Nymphaea potamophila is a species of waterlily native to the region spanning from Venezuela to northern Brazil. Additionally, it has been reported to occur in Colombia.

==Description==
===Vegetative characteristics===
Nymphaea potamophila is an aquatic herb. The elliptic-sagittate, papery leaf blades of floating leaves are up to 20 cm long and 10 cm wide. The leaf margin is entire and flat. The adaxial surface is coloured in green with overlaying patterns of red variegation. The abaxial surface has a greenish base colour accompanied by dark red variegation, but also exhibits patterns of branched, rusty-brown striations.
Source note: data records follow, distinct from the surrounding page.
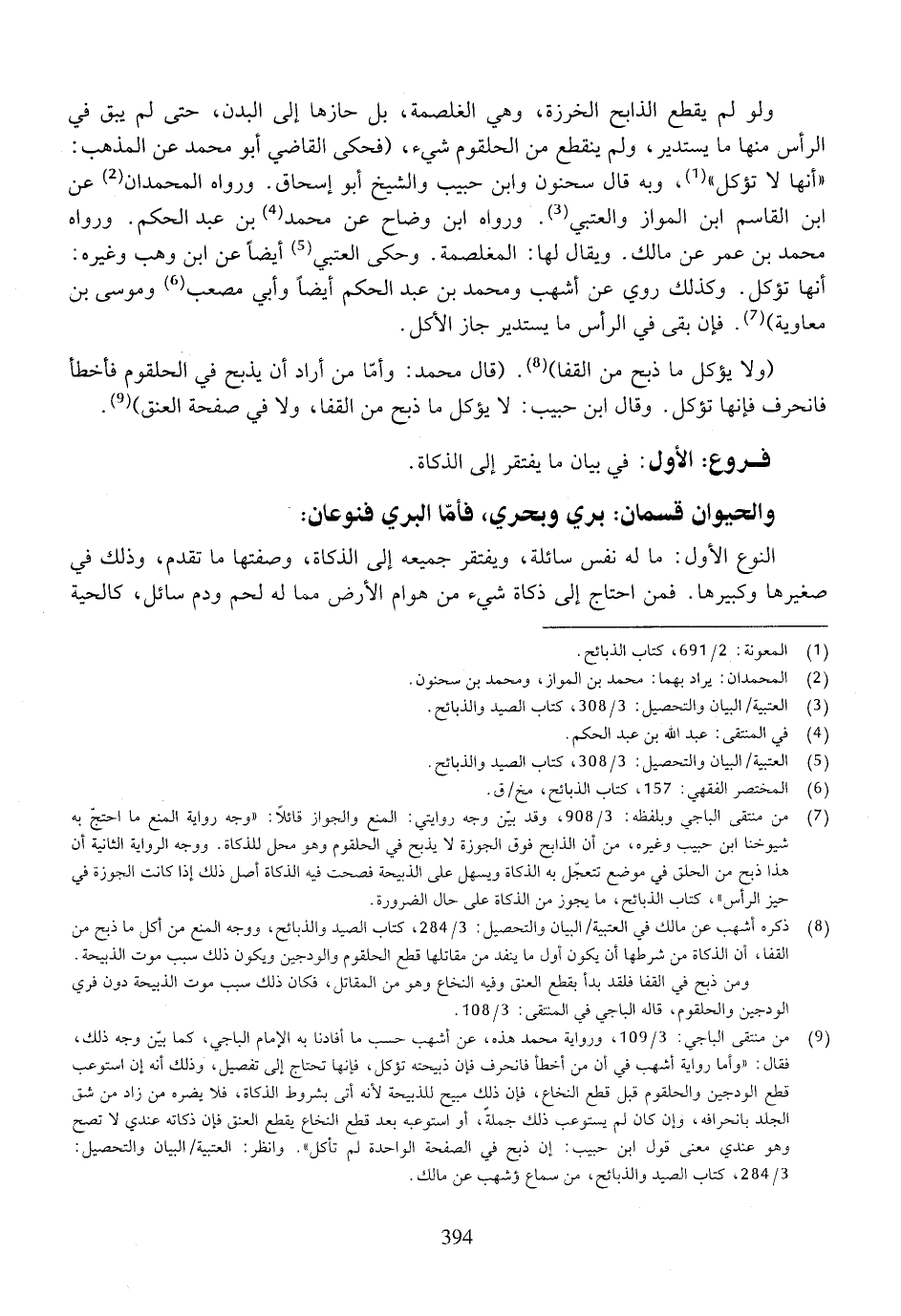 (ولا يؤكل ما ذبح من القفا). (قال محمد: وأما من أراد أن يذبح في الحلقوم فأخطأ فانحرف فإنها تؤكل. وقال ابن حبيب: لا يؤكل ما ذبح من القفا، ولا في صفحة العنق).
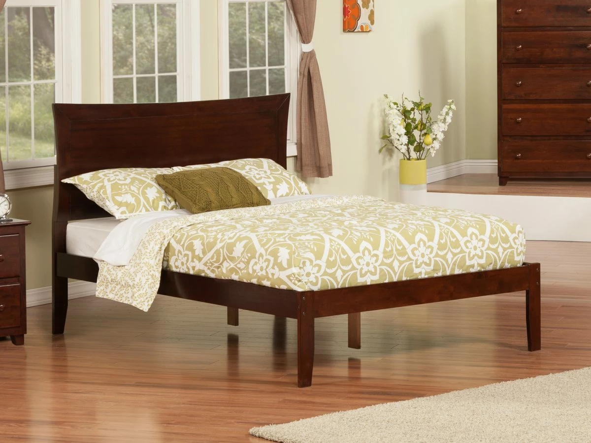 Atlantic Furniture platform beds are Ready to Assemble (RTA), feature small packaging that ships by UPS Ground and fits in most hatchback vehicles. Includes side rails and 14 piece solid hardwood slat kit. Sturdy dowel, bolt & barrel nut assembly. Platform beds available in Espresso, White, Antique Walnut and Caramel Latte finishes with Open Footrail.
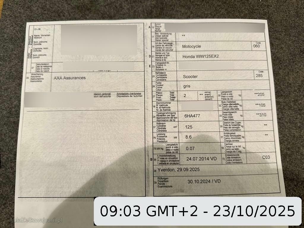 | Fahrzeugausweis | Vorhanden |
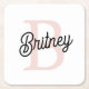 Modern Personalised Monogram and Name Pastel Pink Square Paper Coaster
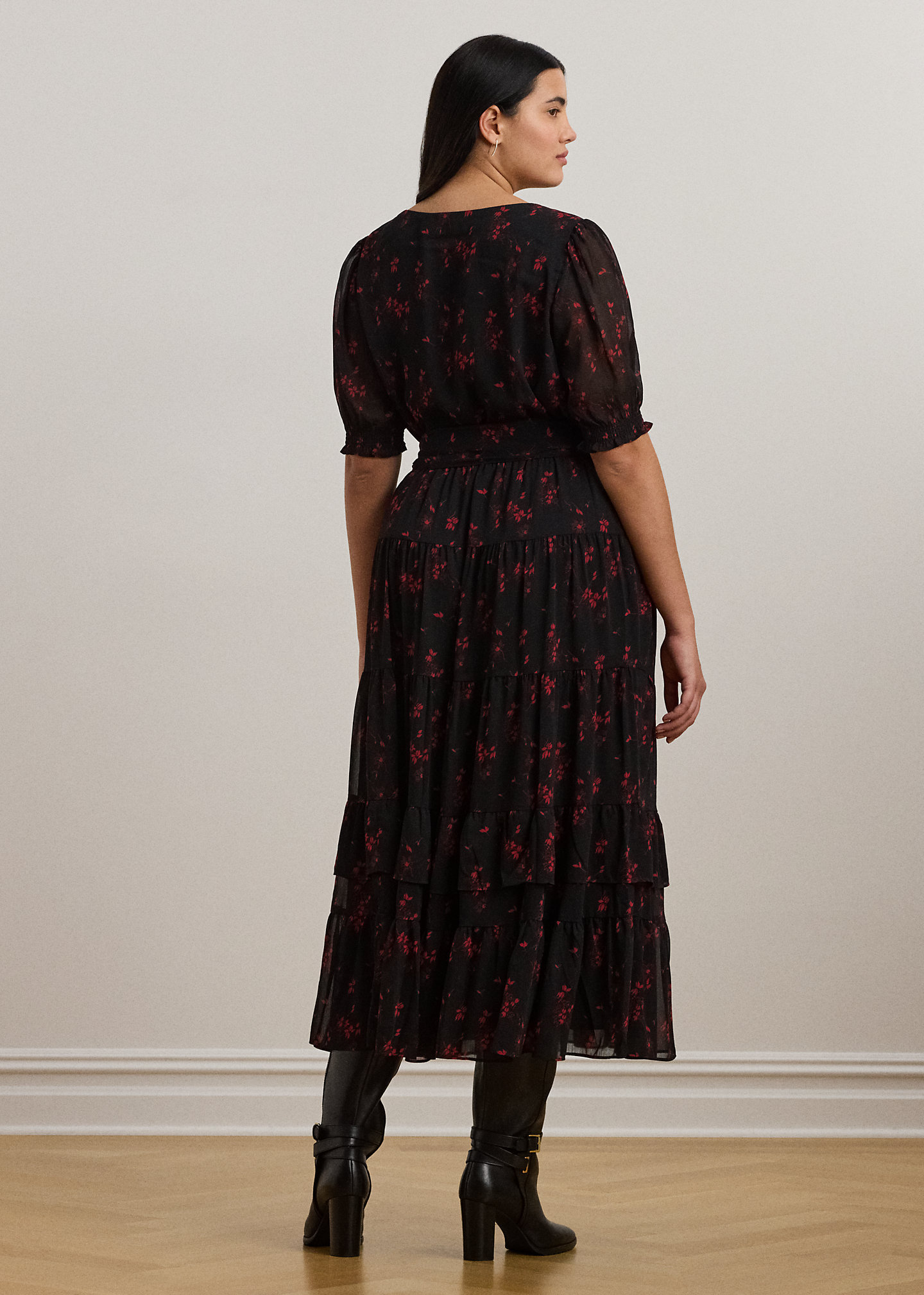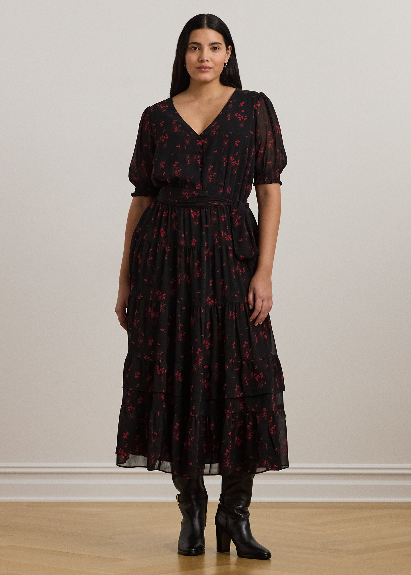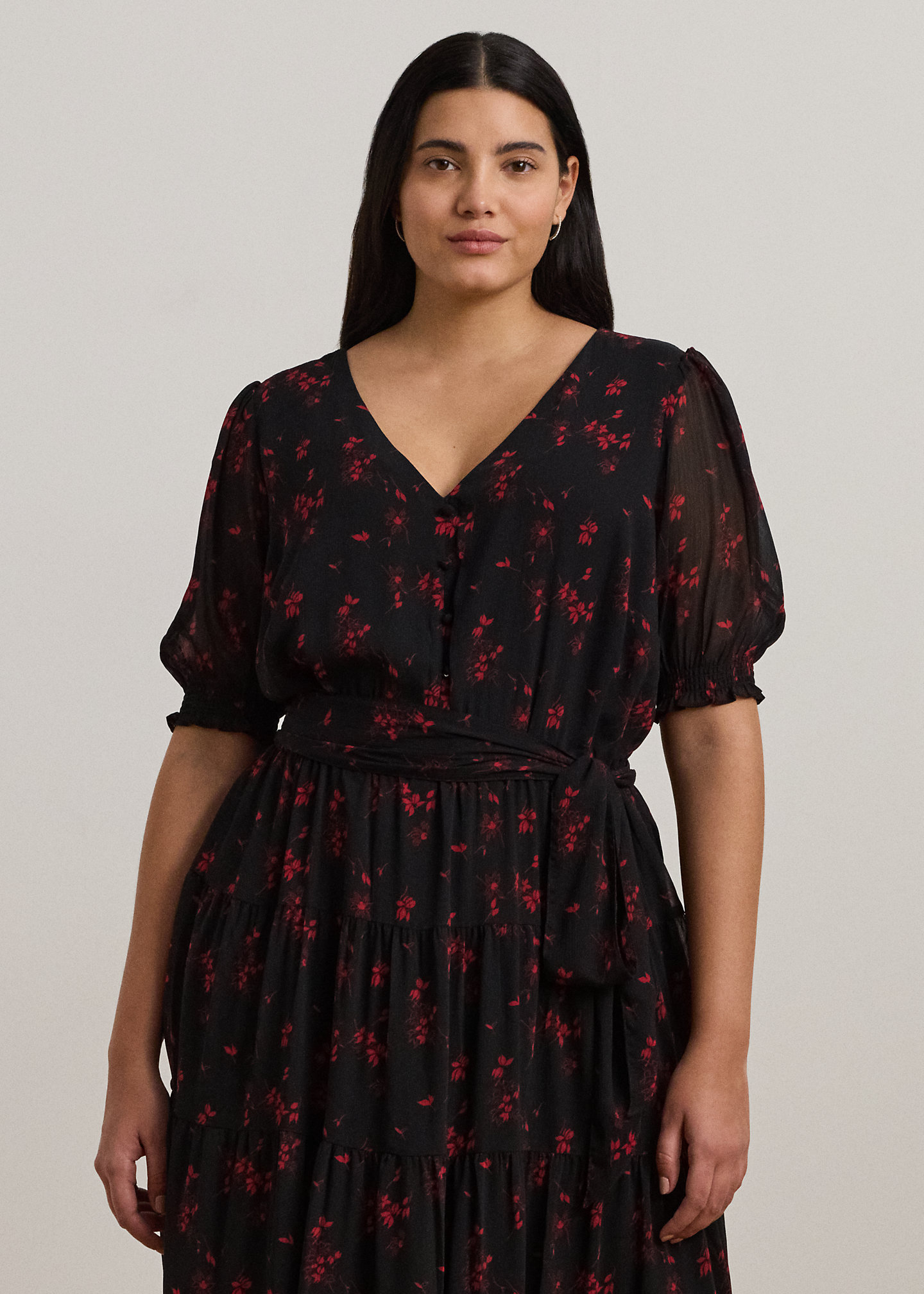 - Threaded belt loops. Comes with a removable self-belt. Elasticized waist. Tiered skirt. Shirring into the waist and tier seams. Fully lined except for the sleeves.
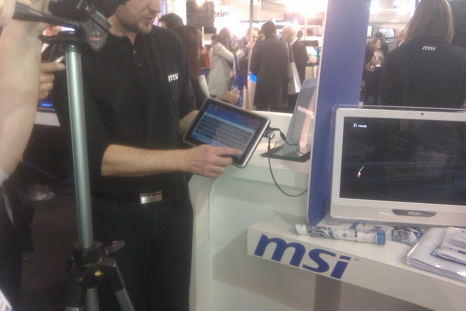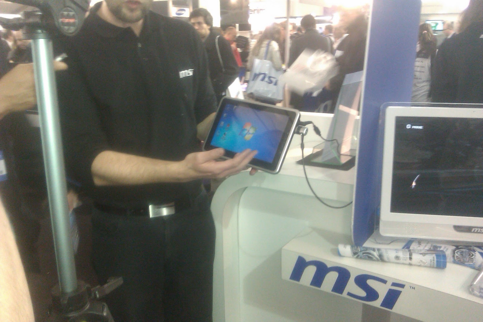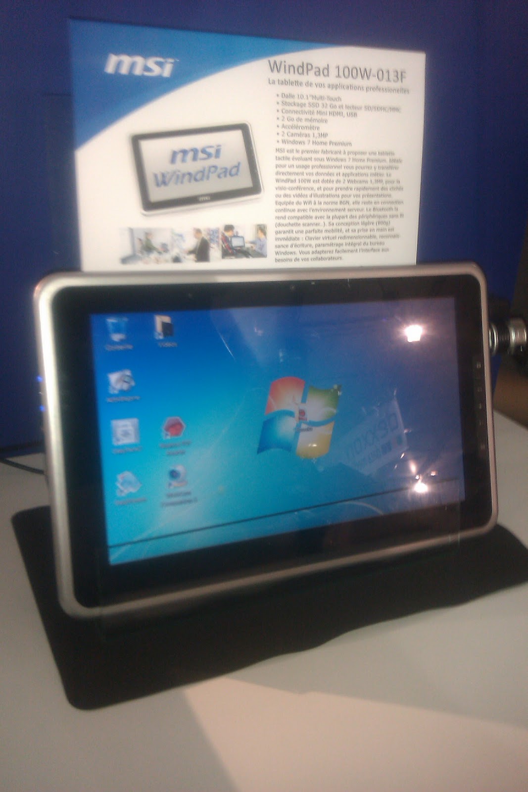 C’est visiblement MSI qui va dégainer sa tablette Windows 7 dans les prochains jours. J’ai pu voir fonctionner un exemplaire à l’IT partners ce jour. La tablette semble réactive, elle dispose de 2Go de mémoire vive et d’une capacité de 32Go en stockage flash. Le processeur qui "motorise" l’ensemble est un Atom Z530. Une caméra avant et une à l’arrière complètent l’ensemble. Un prix public est annoncé entre 499 et 549 TTC. Bien entendu, le produit même s’il semble sympathique, a du mal à rivaliser niveau look avec l’Ipad. L’aspect est un peu "quincaille" et pour moi le point noir est la qualité de l’affichage que j’ai trouvé très décevant.

The leaf structure is compact and the leaves are very thin (145.50 μm). This gives the leaves cold tolerance. The glabrous, 3 mm wide petioles are very long and can exceed 4 m in length.
===Generative characteristics===
The nocturnal floating flowers are connected to glabrous, 4 mm wide peduncles, which can exceed 4 m in length.

==Cytology==
The chloroplast genome size is 159,232 bp. The chromosome count is unknown.

==Reproduction==
===Vegetative reproduction===
Proliferating pseudanthia are not formed in this species.
===Generative reproduction===
High levels of both pollen viability and seed production are evident in Nymphaea potamophila. Sexual reproduction plays a significant role in this species.

==Habitat==
It can be found in the aquatic habitats of the Amazon Rainforest, where it can grow along river margins in up to 4-5 m deep water.

==Taxonomy==
===Type specimen===
The type specimen was collected in Brazil by a team of scientists consisting of J. Ramos, C.D. Mota, L.A. Maia, and E. Soares on the 28th of June 1979.

===Placement within Nymphaea===
It is placed in Nymphaea subg. Hydrocallis.

==Conservation==
The conservation status of this species in Brazil has not yet been evaluated.